I'm creating a e-commerce site that will have different experiences for consumers and business owners. We're designing the business interface to allow them to quickly research existing and future trends. We're currently thinking a table would be familiar to the user, and would allow them to print and export to Excel. There's 9 criteria that could be filtered or sorted.
Are there any best practices or rules of thumb when deciding what to filter and what to sort? Or to allow both?
Answer
When your values are on a nominal scale (names without an inherent order except alphabetical - e.g. "phones; appliances; laptops"), it makes more sense to filter, because sorting is basically meaningless - they have no real order.

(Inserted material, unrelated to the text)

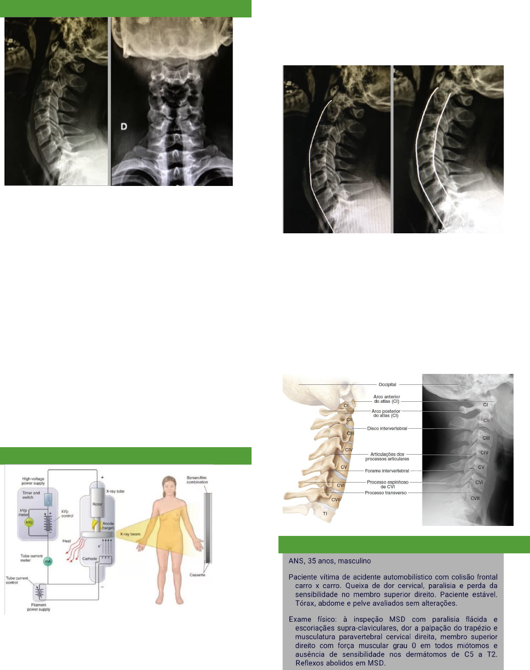 ORTOPEDIA E TRAUMATOLOGIA AULA 1B - RODRIGO NUNES 23/03/2022 PRINCÍPIOS DOS EXAMES DE IMAGEM RADIOGRAFIA • Imagem de radiografia – seguimento ósseo – coluna cervical. • A primeira está no plano sagital e a segunda no plano coronal (RX em AP e perfil, respectivamente). • Vemos o alinhamento entre as vertebras. • Na imagem, há lordose cervical normal. • Processo odontóide – axis. • Incluem o segmento distal e proximal. Elas estão bem- feitas, pois incluem a base do crânio C1 até C2 (Atlas e Axis) até o platô inferior de T1. • Temos C1, C2, C3, C4, C5, C6, C7 e T1. O RX da cervical sempre tem que ultrapassar a 1ª vértebra, incluindo até a base do crânio e ir até pelo menos o platô inferior de T1 ou até o platô superior de T2. • Incidências em perfil (lateral) e em AP (frontal) – para ortopedia. RADIOGRAFIA É a emissão de RX sobre o corpo. Ao emitir, se coloca um filme com raio isótopos, que ao receber o RX, dependendo da densidade tecidual, há emissão da sombra essa chapa da lâmina de marcador radiológico. • Como o RX ultrapassa partes moles de acordo com a densidade, teremos diferentes densidades geográficas mais hiperdensas ou mais hipodensas. • Quanto mais escuro, menos denso é o tecido (ex: tórax, pulmão). • Quanto mais claro, mais denso é o tecido. • Conseguimos através da diferença de densidade definir as estruturas e as alterações. • Ossos – vão absorver a maioria dos raios – hiperdenso. Quanto mais denso mais ela fica branca. Lordose cervical fisiológica. Linhas da silhueta cervical bem traçadas, afastando qualquer tipo de lesão nessa região. • Notamos a linha longitudinal anterior, posterior, os processos espinhos, atlas, áxis. • Temos que ter essa conformação perfeita, anatômica, harmônica e o espaço preservado entre as vértebras para dizermos que essa radiografia está normal. CASO CLÍNICO ORTOPEDIA E TRAUMATOLOGIA AULA 1B - RODRIGO NUNES 23/03/2022 • Braço é a estrutura que se compreende entre o ombro e o cotovelo. • Abaixo do cotovelo até o punho é o antebraço. • Paralisia flácida: membro esquecido, não mexe. • Força muscular igual a zero indica que ele não mobiliza nada, sem contração. • Sensibilidade dolorosa – inervados por um nervo que sai da coluna vertebral. Miótomo: sítio autonômico motor inervado por uma determinada raiz. É a unidade motora (grupo muscular ou musculo) inervado por uma determinada raiz. • Ex: raiz de C5 é responsável pela força motora de um musculo X. • Ex: tríceps inervado por C7. Dermatomo: sítio autonômico sensitivo inervado por uma determinada raiz. ⎯ Esse homem perdeu toda a parte neurológica do membro superior, ele está sem força e sem sensibilidade. Isso ocorreu desde a região do ombro até os dedos. Exames complementares para esse paciente: RX ou TC da cervical. Radiografia RX da cervical na incidência Perfil (imagem 01): C2, C3, C4 e C5. Esse RAIO-X está bom? Não! Ele não vai da base do crânio até T1 ou até o platô superior de T2. Inconclusivo pois não inclui todos os seguimentos vertebrais. O paciente do caso possui uma retificação da lordose cervical (pode estar com um colar cervical). • Alguma das táticas que podemos utilizar para retirar a silhueta dos ombros da frente no RX: o Tração para baixo dos membros superiores, tirando os ombros da frente da região cervical distal. o Incidência do nadador: elevação de um lado e faz um estresse para baixo de outro membro. Pouco usada. Para melhorar esse RX solicitamos a incidência nadador ou a incidência de contração dos membros superiores. Traciona os MMSS um para baixo e o outro para cima, aumentando esse espaço cérvico-torácico, tirando um dos ombros da frente. Como se fosse um nadador – um braço para cima e outro para baixo tracionando. Com isso, diminui a sobreposição dos ombros permitindo a visualização. Devido à má qualidade do exame vamos pedir ou um novo Rx com nadador ou na incidência de contração dos membros superiores ou uma TC (a indicação formal vem por uma limitação técnica, quando não temos clareza vamos tentar aprofundar). Tomografia • Imagem 01 – plano coronal. • Imagem 02 – plano sagital. • Imagem 03 – axial ou transverso. Nessa tomografia está tudo normal, então parece que não foi uma fratura da região cervical. TOMOGRAFIA COMPUTADORIZADA Emissão de RX sobre os diafragmas que controlam a densidade desse RX, cortando o corpo em diferentes planos. Esses detectores, em escalas de cinza, graduam as estruturas corporais de acordo com a sua densidade. o Branco – mais denso. o Preto – menos denso. o Quanto mais água mais tende ao cinza. Imagens aparecem em tons brancos a pretos com a escala gradual de cinza de acordo com a densidade do tecido. Incide em diferentes cortes, planos. ORTOPEDIA E TRAUMATOLOGIA AULA 1B - RODRIGO NUNES 23/03/2022 VOLTANDO AO CASO... ELES PEDIRAM A RM E VEIO ASSIM: • Na RNM – temos as ponderações T1 e T2. No ombro observamos um grande infiltrado inflamatório na região supraclavicular, passando pelo plexo braquial e se estende até o pescoço que é onde nascem as raízes – líquido branco – ponderação T2. A raiz marcada está cinza e do outro está branco, isso dignifica que a raiz cinza foi avulsionada (foi arrancada), sendo uma avulsão do plexo braquial – ele teve uma lesão do plexo braquial e por isso ele perdeu toda a função do membro superior. • Geralmente esses casos são irreversíveis. • Tem um prognóstico ruim essa lesão. • Pedimos RAIO-X e TC para afastar lesões cervicais que possuem eminência cirúrgica. • RM é exame de seguimento (determina gravidade), na emergência só faz RAIO-X e TC. • Na emergência tratamos risco eminente de vida ou lesão definitiva (nesse caso possui a lesão, mas tem um prognóstico ruim). Na cervical vimos que não tinha nada – RX e TC normais. O que aconteceu no braço desse paciente? • He

The exception to this is when you have a very large number of different values, which aren't repetitive, e.g. Names. In that case filtering is just not helpful, since in order to choose a value to filter you need to go through the same long list of values as you'd have if you wanted to locate that value in the table itself.
Numerical values with a meaningful order can be both sorted and filtered, it depends on the data. For example, an "exact price" column should be sorted, not filtered - because if you're interested in items that cost $200, then you're probably equally interested in those costing $190-$210, the 200 is just an anchor, and you wouldn't want to hide those similar products. Another good example is a "file size" column. But a column like "price range" could be both sorted and filtered - if you're interested in items costing $200-$300, then you may or may not want to see items in the $100-$200 and $300-$400 categories.
Columns where the user is likely to look for the minimum or maximum value are sorted, because then you get your answer with one or two clicks, and filtering would take as much work as locating the answer manually.
Columns containing a few broad categories (movie ratings on 1-5 scale on a large set) make more sense filtered, because if you have a hundred movies for each rating, then most of the time you'll be looking within category in any case, and only in the beginning or the end of the category will you see its neighbors on one side. So sorting doesn't help you, and it just makes it harder to locate the category you're looking for.
In short, the more different values you have, the more sense it makes to sort.